A mesma coisa é em nossos dias. Oferecemos não para receber, não para sermos abençoados, mas, porque já recebemos e já fomos abençoados. Não oferecemos coisas, mas, a nossa vida, o nosso corpo, a nossa alma e espírito, tudo a Deus, para que Lhe seja um instrumento útil, agradável a Ele e que possa ser usado para a Sua glória e virtude.
O Senhor pode não se agradar de nós, quando achamos que podemos fazer as coisas sem Ele, separados e não dependentes, como João escreve em sua carta a igreja de Laodicéia, “Eu sei o que vocês têm feito. Sei que não são nem frios nem quentes. Como gostaria que fossem uma coisa ou outra! Mas, porque são apenas mornos, nem frios nem quentes, vou logo vomitá-los da minha boca. Vocês dizem: ‘Somos ricos, estamos bem de vida e temos tudo o que precisamos.’ Mas não sabem que são miseráveis, infelizes, pobres, nus e cegos. Portanto, aconselho que comprem de mim ouro puro para que sejam, de fato, ricos. E comprem roupas brancas para se vestir e cobrir a sua nudez vergonhosa. Comprem também colírio para os olhos a fim de que possam ver. Eu corrijo e castigo todos os que amo. Portanto, levem as coisas a sério e se arrependam. Escutem! Eu estou à porta e bato. Se alguém ouvir a minha voz e abrir a porta, eu entrarei na sua casa, e nós jantaremos juntos.” (Apocalipse 3:15-20, NTLH).
Nos oferecemos a Deus quando compreendemos quem somos, que não somos indivíduos, que não estamos sozinhos, que não podemos viver de forma egoísta, que não podemos “cuidar da nossa vida”. Temos um compromisso uns com os outros, temos um compromisso com o corpo, somos responsáveis pelas vidas uns dos outros, temos a função de trabalhar pela edificação do corpo, servindo uns aos outros, pois é assim que servimos a Deus.

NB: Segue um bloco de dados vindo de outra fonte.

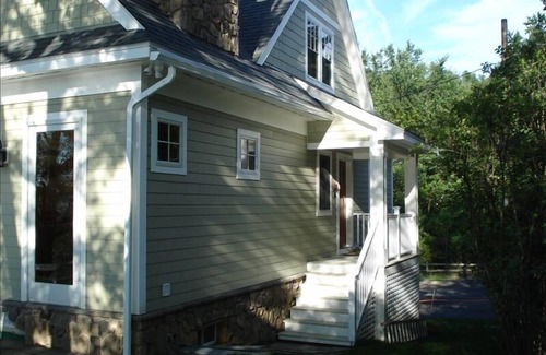the original cottage named 'the doll house' was razed in 2007 and a new craftsman type bungalow was constructed in 2009 The new home consists of 2200 square feet containing a gourmet kitchen, and ample closet space on all floors.The views from almost everywhere in this home, designed by a popular local architect, are spectacular and the room planning was well is even a nice, bright laundry room in the basement with stereo speakers . .... And a spot to place the ironing board upright and leave it that way if you care to! There is an extra 'bonus' area in the basement available for an additional rental charge. Sofa bed, loveseat, plus a lovely 3/4 bathroom, 4 large windows and separate entrance define this lower level.
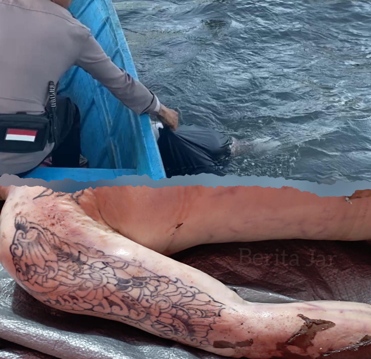 “Dari hasil pemeriksaan menemukan ciri berupa tanda berupa tato di lengan kanan dan dada korban. Tato tersebut bermotif abstrak,” ungkap Sahertian.
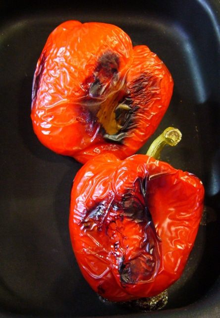 Духовку разогреть до 220 град, запечь перцы, дав им слегка почернеть.
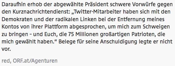 aktuell nach der Sperrung von Twitter: "Twitter geht es nicht um Redefreiheit. Ihnen geht es nur darum, eine linksradikale Plattform zu fšrdern, auf der einige der bšsartigsten Menschen der Welt frei sprechen dürfen."
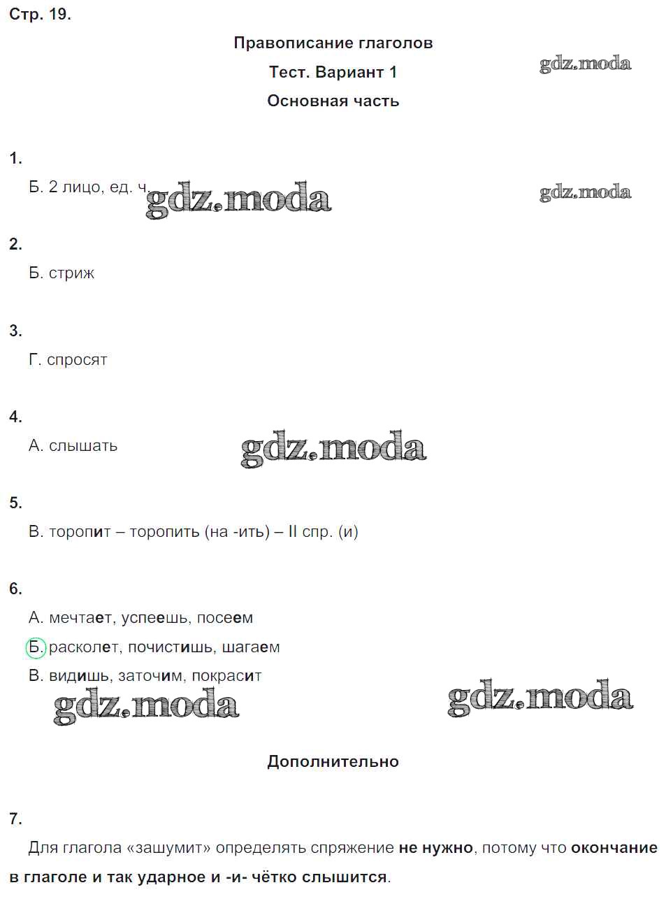 ГДЗ решение к заданию № 19 Русский язык 4 класс Тесты и самостоятельные работы для текущего контроля Калинина О.Б. (к уч. Желтовской) Дрофа 2017 ФГОС бесплатно на гдз.мода!

Deus tem prazer em nossa vida quando compreendemos estas coisas simples e básicas de nossa vida no Seu reino. Não se trata de oferecer para receber, nem de fazer para ser alguma coisa, muito menos para termos o reconhecimento e o mérito, trata-se de reconhecermos que somos o que a bíblia diz que somos. Reconhecemos isto pela fé, cremos nisto porque Deus falou, crer que recebemos não porque merecemos, porque somos dignos, porque fizemos algo, mas somos, porque Deus fez, porque Deus deu, porque Ele nos transformou. E agora, fazemos porque Ele nos fez, nos capacitou, nos deu o que precisamos para viver uma vida que Lhe agrada. Oferecemos as nossas vidas, como oferta de gratidão por termos recebido. Oferecemos nossa vida quando nos dispomos a viver conforme Lhe agrada, fazendo as Sua obras como é natural por aquilo que Ele fez. E fazemos, não porque damos conta, mas, porque dependemos da graça que nos educa, nos habilita para vivermos uma vida segundo os Seus valores eternos.
A verdadeira oferta a Deus está em colocarmos nossas vidas em Suas mãos, como instrumento de justiça (equidade), para repartir a vida de Deus com todos os homens, levando a todos os homens o Seu conhecimento, sendo instrumentos para edificação da igreja, para o crescimento do corpo, para revelarmos a Sua glória e majestade entre todos os homens. A verdadeira oferta é quando não abrimos mão da verdade eterna, da vida recebida de Deus, para vivermos uma vida na carne como o pensamento egoísta deste mundo. Vivemos para servir, para servir aos outros e não aos nossos interesses e desejos. Sermos capazes de abrir mão de nossa vontade para que o corpo seja edificado, para que haja a expressão e manifestação da vida de Deus através da igreja, o corpo de Cristo. Esta é a verdadeira oferta que podemos dar a Deus, pois é isto que Lhe agrada, a Sua vontade se cumprindo aqui na terra por meio de Seus filhos.